* _Exercise objective_: Copy exactly, beginning with the line holding "图片标题: 快乐儿童坐在秋千上吹泡泡" and ending with the final line of the data beneath this task; copy nothing else, and leave out every picture.
*** Data block ***
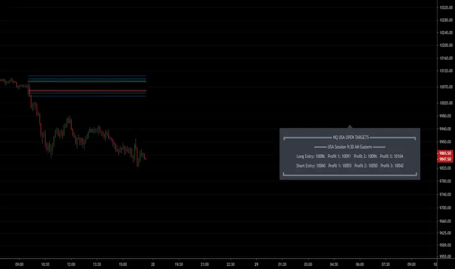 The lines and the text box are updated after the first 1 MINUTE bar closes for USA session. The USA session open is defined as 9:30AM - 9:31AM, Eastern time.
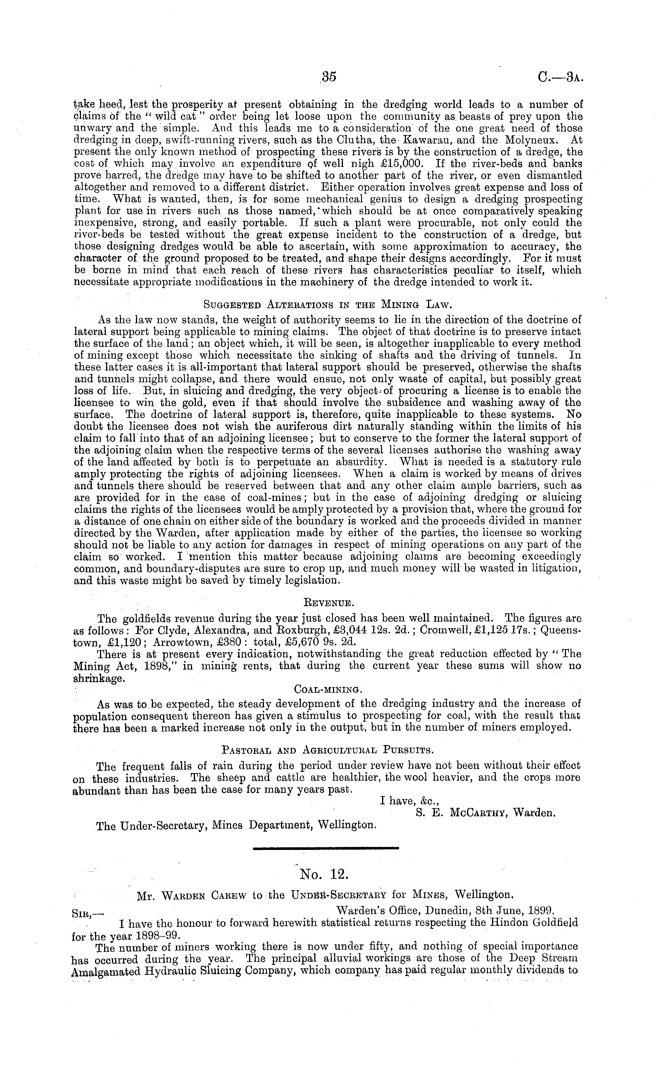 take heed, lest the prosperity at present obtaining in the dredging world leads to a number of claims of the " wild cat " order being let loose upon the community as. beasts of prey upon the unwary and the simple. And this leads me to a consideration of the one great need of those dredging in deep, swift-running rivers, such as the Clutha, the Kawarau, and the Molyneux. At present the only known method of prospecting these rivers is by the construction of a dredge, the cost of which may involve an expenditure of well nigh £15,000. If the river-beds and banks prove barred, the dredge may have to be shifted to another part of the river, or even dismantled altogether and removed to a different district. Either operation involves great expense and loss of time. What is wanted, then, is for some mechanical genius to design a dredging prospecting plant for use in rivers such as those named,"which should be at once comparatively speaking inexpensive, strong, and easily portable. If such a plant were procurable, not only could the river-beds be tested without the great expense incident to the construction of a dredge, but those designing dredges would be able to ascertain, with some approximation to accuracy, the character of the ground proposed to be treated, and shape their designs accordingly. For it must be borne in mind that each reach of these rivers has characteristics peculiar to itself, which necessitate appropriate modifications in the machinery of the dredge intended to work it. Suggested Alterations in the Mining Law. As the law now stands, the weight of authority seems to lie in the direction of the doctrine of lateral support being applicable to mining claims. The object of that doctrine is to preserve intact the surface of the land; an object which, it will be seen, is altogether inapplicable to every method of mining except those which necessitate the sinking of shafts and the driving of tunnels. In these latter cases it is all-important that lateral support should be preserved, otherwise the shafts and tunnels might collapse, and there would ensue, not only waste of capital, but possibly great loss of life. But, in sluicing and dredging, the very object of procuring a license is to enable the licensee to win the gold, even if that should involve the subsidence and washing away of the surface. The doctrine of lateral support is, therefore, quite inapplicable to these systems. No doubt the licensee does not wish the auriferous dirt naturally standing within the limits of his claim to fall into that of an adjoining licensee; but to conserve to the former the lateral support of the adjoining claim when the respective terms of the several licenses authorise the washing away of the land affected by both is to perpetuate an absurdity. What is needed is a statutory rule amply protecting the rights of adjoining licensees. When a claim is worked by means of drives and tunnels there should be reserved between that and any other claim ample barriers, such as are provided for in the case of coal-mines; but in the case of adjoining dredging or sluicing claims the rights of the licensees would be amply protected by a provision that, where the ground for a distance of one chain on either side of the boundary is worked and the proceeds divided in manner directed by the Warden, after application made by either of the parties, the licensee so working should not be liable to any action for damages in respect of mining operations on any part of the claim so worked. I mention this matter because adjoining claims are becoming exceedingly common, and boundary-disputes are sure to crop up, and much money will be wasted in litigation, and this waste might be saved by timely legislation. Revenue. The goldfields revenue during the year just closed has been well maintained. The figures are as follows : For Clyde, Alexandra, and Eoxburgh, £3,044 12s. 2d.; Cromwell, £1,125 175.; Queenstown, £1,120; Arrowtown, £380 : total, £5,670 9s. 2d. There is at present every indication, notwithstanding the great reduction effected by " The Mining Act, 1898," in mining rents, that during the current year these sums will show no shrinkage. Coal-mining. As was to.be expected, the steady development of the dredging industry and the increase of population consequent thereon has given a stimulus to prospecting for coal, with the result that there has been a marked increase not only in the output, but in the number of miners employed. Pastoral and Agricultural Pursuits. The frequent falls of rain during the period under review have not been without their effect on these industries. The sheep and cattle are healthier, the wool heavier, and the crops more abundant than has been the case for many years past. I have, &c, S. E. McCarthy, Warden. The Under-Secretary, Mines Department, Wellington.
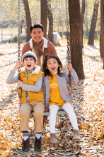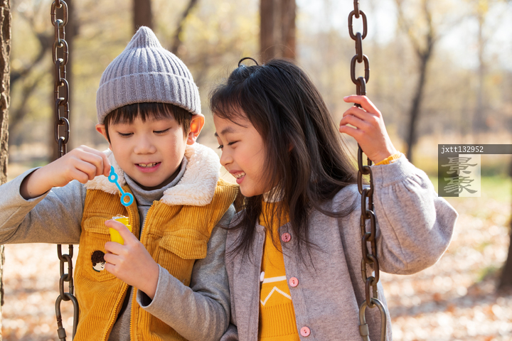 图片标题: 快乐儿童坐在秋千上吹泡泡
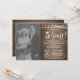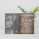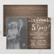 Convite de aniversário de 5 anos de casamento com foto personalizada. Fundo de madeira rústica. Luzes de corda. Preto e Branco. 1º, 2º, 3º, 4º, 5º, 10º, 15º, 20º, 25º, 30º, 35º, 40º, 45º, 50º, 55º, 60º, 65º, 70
***
* _Final answer_:
 图片标题: 快乐儿童坐在秋千上吹泡泡
 Convite de aniversário de 5 anos de casamento com foto personalizada. Fundo de madeira rústica. Luzes de corda. Preto e Branco. 1º, 2º, 3º, 4º, 5º, 10º, 15º, 20º, 25º, 30º, 35º, 40º, 45º, 50º, 55º, 60º, 65º, 70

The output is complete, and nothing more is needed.